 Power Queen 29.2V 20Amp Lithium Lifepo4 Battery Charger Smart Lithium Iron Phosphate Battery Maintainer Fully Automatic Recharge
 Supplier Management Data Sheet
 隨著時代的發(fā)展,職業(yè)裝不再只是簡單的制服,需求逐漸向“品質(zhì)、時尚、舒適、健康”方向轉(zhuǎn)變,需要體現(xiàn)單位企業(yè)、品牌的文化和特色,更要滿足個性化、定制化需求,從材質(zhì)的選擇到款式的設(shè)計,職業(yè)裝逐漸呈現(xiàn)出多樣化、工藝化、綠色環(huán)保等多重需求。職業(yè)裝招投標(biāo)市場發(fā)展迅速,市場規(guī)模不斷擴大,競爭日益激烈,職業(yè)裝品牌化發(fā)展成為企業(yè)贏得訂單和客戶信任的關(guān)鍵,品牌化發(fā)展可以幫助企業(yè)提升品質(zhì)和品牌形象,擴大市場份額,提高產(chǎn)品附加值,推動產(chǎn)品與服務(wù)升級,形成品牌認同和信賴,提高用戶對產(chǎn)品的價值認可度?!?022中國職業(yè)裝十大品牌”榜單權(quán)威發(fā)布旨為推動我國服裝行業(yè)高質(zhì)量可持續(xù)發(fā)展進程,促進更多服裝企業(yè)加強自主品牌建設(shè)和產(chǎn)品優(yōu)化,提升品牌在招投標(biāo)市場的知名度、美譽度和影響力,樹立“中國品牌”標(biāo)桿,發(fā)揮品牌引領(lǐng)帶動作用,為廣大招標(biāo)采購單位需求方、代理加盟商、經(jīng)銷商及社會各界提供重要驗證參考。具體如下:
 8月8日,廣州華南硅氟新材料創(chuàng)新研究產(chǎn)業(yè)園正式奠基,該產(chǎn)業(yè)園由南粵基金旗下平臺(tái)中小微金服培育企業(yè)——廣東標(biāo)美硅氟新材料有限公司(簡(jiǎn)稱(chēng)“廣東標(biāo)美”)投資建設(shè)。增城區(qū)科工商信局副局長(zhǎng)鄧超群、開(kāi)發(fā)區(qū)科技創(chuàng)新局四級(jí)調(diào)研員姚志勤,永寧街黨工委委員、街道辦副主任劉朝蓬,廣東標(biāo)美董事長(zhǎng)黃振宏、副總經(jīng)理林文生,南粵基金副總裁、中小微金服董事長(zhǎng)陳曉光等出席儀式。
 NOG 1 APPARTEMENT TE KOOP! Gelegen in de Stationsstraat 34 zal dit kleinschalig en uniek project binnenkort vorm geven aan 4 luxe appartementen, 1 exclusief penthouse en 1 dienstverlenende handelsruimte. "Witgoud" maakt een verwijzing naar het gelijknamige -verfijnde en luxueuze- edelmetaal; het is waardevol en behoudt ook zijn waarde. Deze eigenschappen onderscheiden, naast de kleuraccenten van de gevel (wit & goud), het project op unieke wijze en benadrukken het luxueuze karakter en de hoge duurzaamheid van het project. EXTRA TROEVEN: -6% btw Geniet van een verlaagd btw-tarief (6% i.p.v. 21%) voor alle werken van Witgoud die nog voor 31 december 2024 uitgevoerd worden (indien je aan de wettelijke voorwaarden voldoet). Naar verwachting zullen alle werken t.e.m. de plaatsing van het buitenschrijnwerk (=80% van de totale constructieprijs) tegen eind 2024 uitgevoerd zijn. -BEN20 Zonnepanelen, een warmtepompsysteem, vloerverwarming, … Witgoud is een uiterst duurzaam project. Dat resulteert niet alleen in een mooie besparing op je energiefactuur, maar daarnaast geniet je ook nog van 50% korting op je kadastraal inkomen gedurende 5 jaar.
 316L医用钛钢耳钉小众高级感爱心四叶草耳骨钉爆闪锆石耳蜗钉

+ + + +

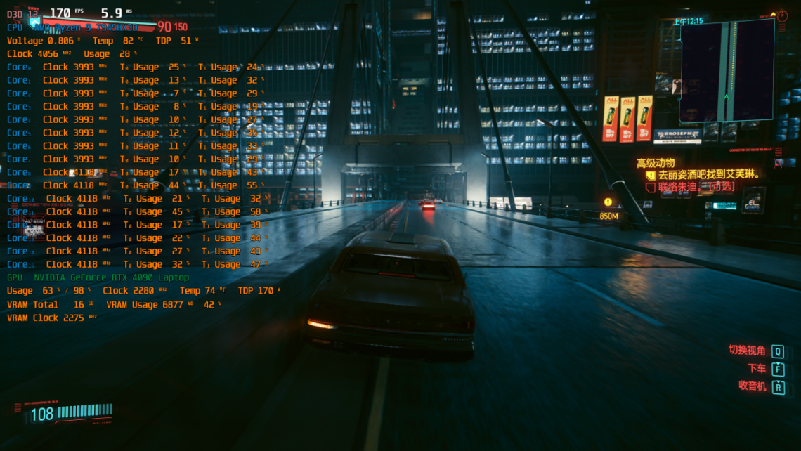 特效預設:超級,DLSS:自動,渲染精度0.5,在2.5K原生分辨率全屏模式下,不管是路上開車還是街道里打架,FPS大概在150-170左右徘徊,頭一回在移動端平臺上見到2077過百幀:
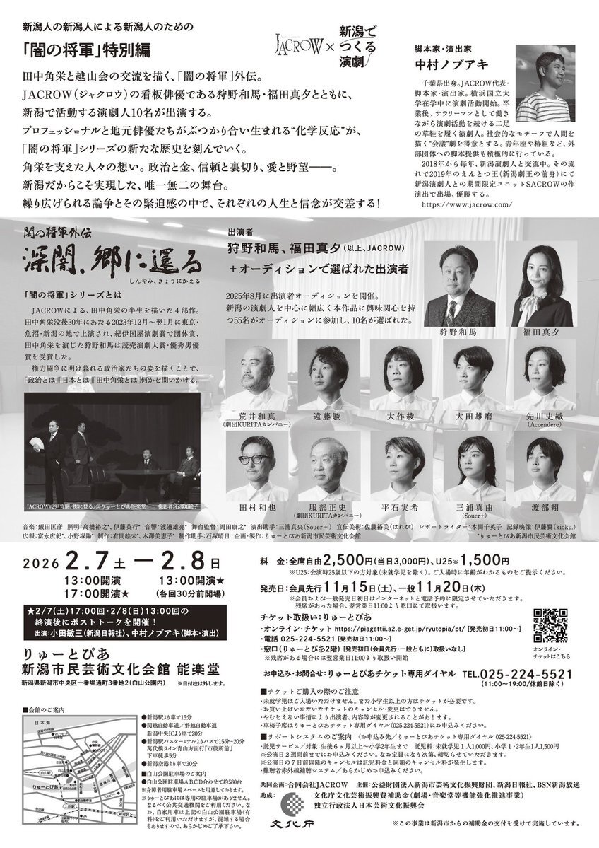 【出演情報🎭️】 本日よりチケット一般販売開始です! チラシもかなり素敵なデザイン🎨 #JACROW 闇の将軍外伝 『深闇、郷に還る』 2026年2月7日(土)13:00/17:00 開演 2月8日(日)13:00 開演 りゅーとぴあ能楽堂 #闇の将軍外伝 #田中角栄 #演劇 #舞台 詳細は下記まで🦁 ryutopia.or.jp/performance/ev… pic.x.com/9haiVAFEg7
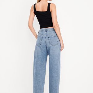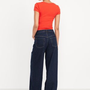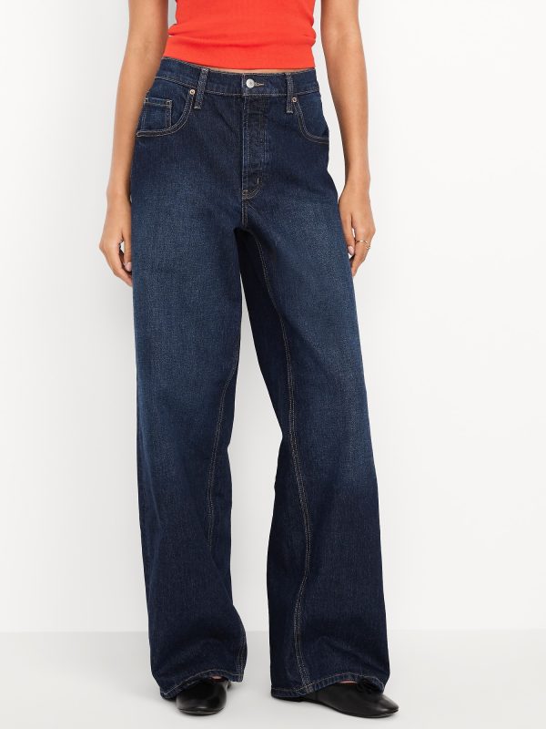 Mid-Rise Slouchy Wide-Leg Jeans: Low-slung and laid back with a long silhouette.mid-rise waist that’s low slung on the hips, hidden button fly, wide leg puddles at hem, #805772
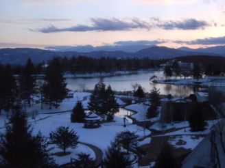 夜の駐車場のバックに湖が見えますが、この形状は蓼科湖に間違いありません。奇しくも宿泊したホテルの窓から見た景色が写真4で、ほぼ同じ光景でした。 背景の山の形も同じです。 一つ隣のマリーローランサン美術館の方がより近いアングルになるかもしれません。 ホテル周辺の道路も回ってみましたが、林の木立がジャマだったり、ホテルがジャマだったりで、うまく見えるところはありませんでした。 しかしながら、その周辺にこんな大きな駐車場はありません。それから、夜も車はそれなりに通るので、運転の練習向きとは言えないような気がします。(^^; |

+ + + +

**Your task**
Retype exactly the span of lines from the one with "Power Queen 29.2V" through the one with "Supplier Management Data Sheet"; include both ends and omit the rest of the material.

**Exercise answer**
 Power Queen 29.2V 20Amp Lithium Lifepo4 Battery Charger Smart Lithium Iron Phosphate Battery Maintainer Fully Automatic Recharge
 Supplier Management Data Sheet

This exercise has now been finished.